Although we can estimate similarity between microbial communities across bands and individuals, we do not yet know how this relates to functional variation or fitness proxies at the subpopulation (i.e. band) level. Genetic determinants of microbiome composition, and thus the heritability of microbiomes, have been demonstrated across a range of host taxa [4, 29, 30, 57]. That band-level differences in microbiome composition were also significant in the core microbiome further supports the notion that group-level selection may occur within host microbiomes. However, dispersal of individuals between bands means that subpopulations are not genetically isolated. To further understand the potential for microbiome to act as a unit that selection can act on, it would be valuable to quantify the relative contributions of genetic, environmental, and social factors that determine microbiome composition within this system (and across a range of hosts) and to link these to fitness outcomes such as reproductive success and disease susceptibility.

We also demonstrate differences between life stages in microbiome composition of Carneddau ponies; foals had considerably different microbiome composition to both sub-adults and adults.

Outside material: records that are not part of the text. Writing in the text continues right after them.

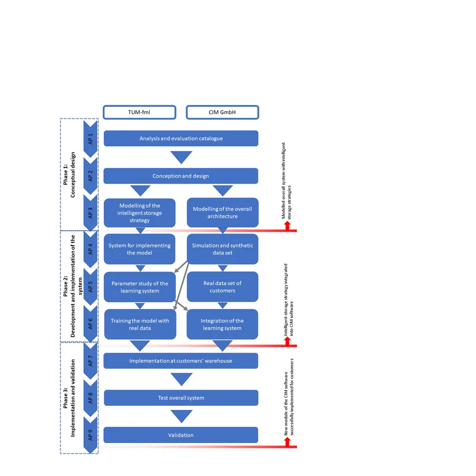 First, analysis and evaluation of methodologies and algorithms as well as design of the intelligent storage strategies take place (Working Packages 1 & 2). Subsequently, the intelligent storage strategies are developed (WP3) and a machine learning model for these strategies is implemented (WP4). Afterwards, on the basis of a parameter study on synthetic data, the hyperparameters of the machine learning model are optimized (WP5). At this stage, the model is prepared to be trained on realistic data (WP6). After completion of the training, the artificial intelligence module is implemented in the warehouse management software of the company CIM GmbH at the warehouse of a customer of the company (WP7). Finally, the whole software is tested (WP8) and validated (WP9).
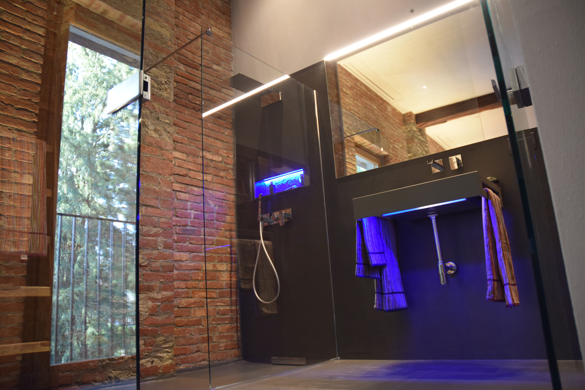 In particolare all’interno della gamma si scelgono SpazioCemento e SpazioResina per dare un nuovo look ad ambienti che mescolano con stile materiali diversi sia antichi che contemporanei. Di grande effetto la scelta di resinare in una delle camere da letto la parete retrostante al letto così da creare un’elegante finta testiera.
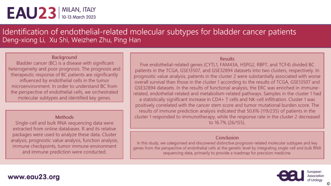 编者按:第38届欧洲泌尿外科学会年会(EAU23)于2023年3月10日至13日在世界时尚之都意大利米兰召开。EAU年会是欧洲乃至全球最受关注的泌尿外科会议之一,每年吸引全球1万5千余名泌尿外科专家参会。本次大会上,四川大学华西医院李登雄医生汇报的一项研究,通过整合单细胞和批量RNA测序数据,从内皮细胞的角度,在基因水平上分类并发现了膀胱癌患者的预后相关分子亚型和关键基因,为精准医疗提供靶点。
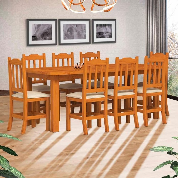Descrição Geral dos ProdutosConstrução Durável: Fabricado em robusta madeira maciça de eucalipto, garantindo resistência e longa durabilidade. Estilo Elegante: Acabamento semi brilho proporciona um toque de sofisticação ao ambiente. Descrição Diferencial da MesaPés Inclusos: Simples e prático, este produto acompanha os pés necessários, garantindo estabilidade e durabilidade ao seu móvel.Capacidade Robusta: Projetado para suportar até 100KG, combinando estilo e funcionalidade.Descrição Diferencial da CadeiraCadeira Aconchegante com Estofado Incluso: Ideal para momentos de refeição ou descontração, esta cadeira de design elegante acompanha um estofado incluso, garantindo conforto e estilo à sua casa.Capacidade Robusta: Projetado para suportar até 120KG, combinando estilo e funcionalidade.Dimensões da Mesa: Largura 88 cm; Profundidade 200 cm; Altura 80 cm.Dimensões da Cadeira: Largura 38 cm; Profundidade 41 cm; Altura 100 cm.Itens Inclusos: 1 Mesa e 8 CadeirasComplexidade da montagem: Média, pode ser montado por apenas uma pessoa e/ou necessite de maior conhecimento para montagem.Recomendações de uso, manutenção e limpeza: Limpar com flanela ou pano macio seco, não utilizar produtos abrasivos, desengordurantes, álcool ou solvente. Não expor o produto diretamente a luz solar e à umidadeGarantia: 3 mesesOBS: Foto meramente ilustrativa, objetos, utensílios e decoração não fazem parte do produto.
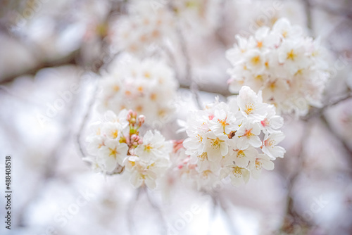 © hakofac, Obraz premium 下から見上げた満開の桜のアップ/Close-up of cherry blossoms in full bloom, viewed from below
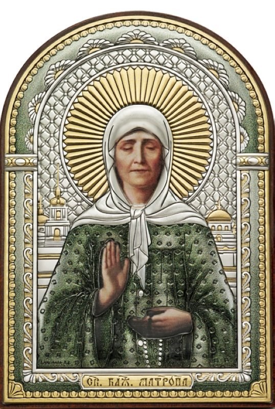 Икона Блаженная Матрона Московская освященная серебряная с эмалью, арт. 243673
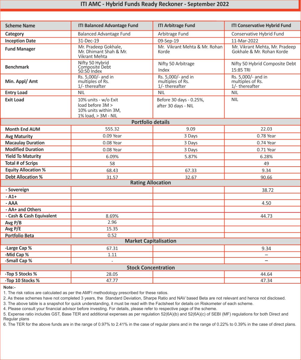 ITI AMC - Hybrid Funds Ready Reckoner -

Similar changes in microbiome composition across host development have been seen in other host organisms [10, 29, 65]. For mammals, this is particularly evident for nursing young compared with weaned individuals [66,67,68], and this most likely explains the results we see in our data. There was an absence of unique genera in the microbiome of foals, indicating the transition to a grass-based diet leads to the assimilation of additional bacterial groups into the gut microbiome, potentially through environmental transmission. Although gut microbiome composition has been shown to differ between sexes [69], we found that microbiomes were not significantly different between males and females for this population of semi-feral ponies. However, this may reflect a low number of males in the analysis. It would be of interest to follow changes in male microbiome across dispersion and particularly shifts in composition as stallions form new family groups and their microbiome is influenced by, and influences, new mares joining their band.

Conclusions

Here, we show that semi-feral ponies exhibit variation in microbiome composition between bands, which may relate to social, dietary, and environmental factors. In addition, due to the high level of within-individual variation, the direction of group selection may be influenced by the individual members present in the band. Spatial structuring was also identified within bands, suggesting that despite communal living, social behaviours still influence microbiome composition. We identify two such interactions; mother-offspring and stallion-mare, that lead to more similar microbiomes, indicating that individuals influence the microbiome composition of one another and ultimately the group. Thus, we provide novel evidence that microbiome composition is structured at multiple levels within populations. The functional implications of this require further research.